Information supplied:
☆ ☆ ☆ ☆ ☆ ☆ ☆
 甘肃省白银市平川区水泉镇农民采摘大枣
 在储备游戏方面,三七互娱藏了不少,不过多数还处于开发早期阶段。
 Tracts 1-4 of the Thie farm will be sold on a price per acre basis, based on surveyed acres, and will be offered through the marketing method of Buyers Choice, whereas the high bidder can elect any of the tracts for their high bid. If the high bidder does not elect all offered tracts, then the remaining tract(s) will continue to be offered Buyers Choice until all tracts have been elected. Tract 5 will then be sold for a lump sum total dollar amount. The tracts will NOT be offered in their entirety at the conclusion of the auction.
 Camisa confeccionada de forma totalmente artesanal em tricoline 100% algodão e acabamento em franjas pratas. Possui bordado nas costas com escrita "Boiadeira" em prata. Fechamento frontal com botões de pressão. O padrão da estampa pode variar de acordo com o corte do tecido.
☆ ☆ ☆ ☆ ☆ ☆ ☆
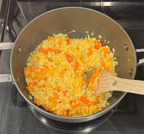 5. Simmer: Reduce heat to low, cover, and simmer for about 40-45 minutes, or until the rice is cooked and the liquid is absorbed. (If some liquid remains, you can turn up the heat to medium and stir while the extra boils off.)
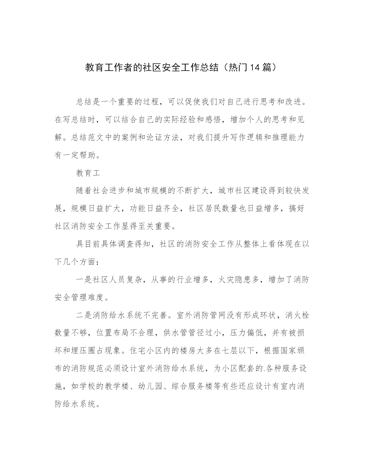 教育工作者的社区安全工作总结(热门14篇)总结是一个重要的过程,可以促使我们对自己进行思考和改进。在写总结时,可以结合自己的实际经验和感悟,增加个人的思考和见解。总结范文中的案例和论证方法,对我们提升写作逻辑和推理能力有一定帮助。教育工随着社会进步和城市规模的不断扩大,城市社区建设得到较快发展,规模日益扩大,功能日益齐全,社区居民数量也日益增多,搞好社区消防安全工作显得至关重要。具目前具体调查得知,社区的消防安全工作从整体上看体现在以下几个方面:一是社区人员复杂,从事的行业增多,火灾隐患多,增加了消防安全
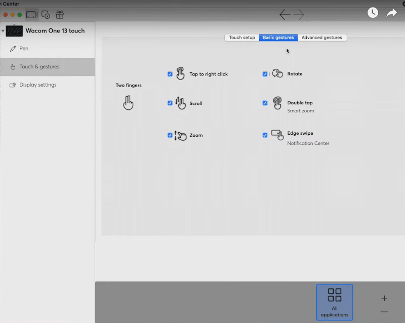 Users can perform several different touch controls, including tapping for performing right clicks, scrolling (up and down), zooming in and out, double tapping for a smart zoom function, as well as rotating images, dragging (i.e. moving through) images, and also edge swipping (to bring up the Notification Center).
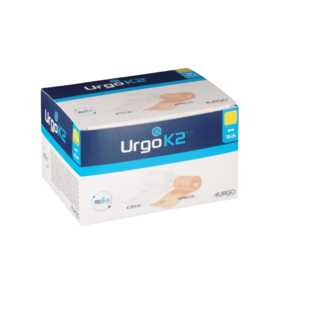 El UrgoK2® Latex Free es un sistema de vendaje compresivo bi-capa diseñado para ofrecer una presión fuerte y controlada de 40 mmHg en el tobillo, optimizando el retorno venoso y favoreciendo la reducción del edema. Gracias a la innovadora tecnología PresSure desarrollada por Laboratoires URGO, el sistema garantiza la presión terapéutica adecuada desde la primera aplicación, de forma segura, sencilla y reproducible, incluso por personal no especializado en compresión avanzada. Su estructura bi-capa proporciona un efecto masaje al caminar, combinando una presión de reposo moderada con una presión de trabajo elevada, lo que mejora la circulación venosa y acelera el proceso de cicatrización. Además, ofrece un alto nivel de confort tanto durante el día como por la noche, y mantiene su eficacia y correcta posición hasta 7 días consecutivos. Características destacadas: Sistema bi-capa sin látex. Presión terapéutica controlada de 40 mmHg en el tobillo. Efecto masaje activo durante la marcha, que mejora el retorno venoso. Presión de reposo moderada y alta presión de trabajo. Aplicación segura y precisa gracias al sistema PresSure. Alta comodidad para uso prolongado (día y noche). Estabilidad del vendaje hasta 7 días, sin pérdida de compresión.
☆ ☆ ☆ ☆ ☆ ☆ ☆
Try it:
With the line holding "在储备游戏方面,三七互娱藏了不少,不过多数还处于开发早期阶段。" as the first and the line holding "Camisa confeccionada de" as the last, please transcribe exactly the lines of the material above in that range and nothing else.

Answer section:
 在储备游戏方面,三七互娱藏了不少,不过多数还处于开发早期阶段。
 Tracts 1-4 of the Thie farm will be sold on a price per acre basis, based on surveyed acres, and will be offered through the marketing method of Buyers Choice, whereas the high bidder can elect any of the tracts for their high bid. If the high bidder does not elect all offered tracts, then the remaining tract(s) will continue to be offered Buyers Choice until all tracts have been elected. Tract 5 will then be sold for a lump sum total dollar amount. The tracts will NOT be offered in their entirety at the conclusion of the auction.
 Camisa confeccionada de forma totalmente artesanal em tricoline 100% algodão e acabamento em franjas pratas. Possui bordado nas costas com escrita "Boiadeira" em prata. Fechamento frontal com botões de pressão. O padrão da estampa pode variar de acordo com o corte do tecido.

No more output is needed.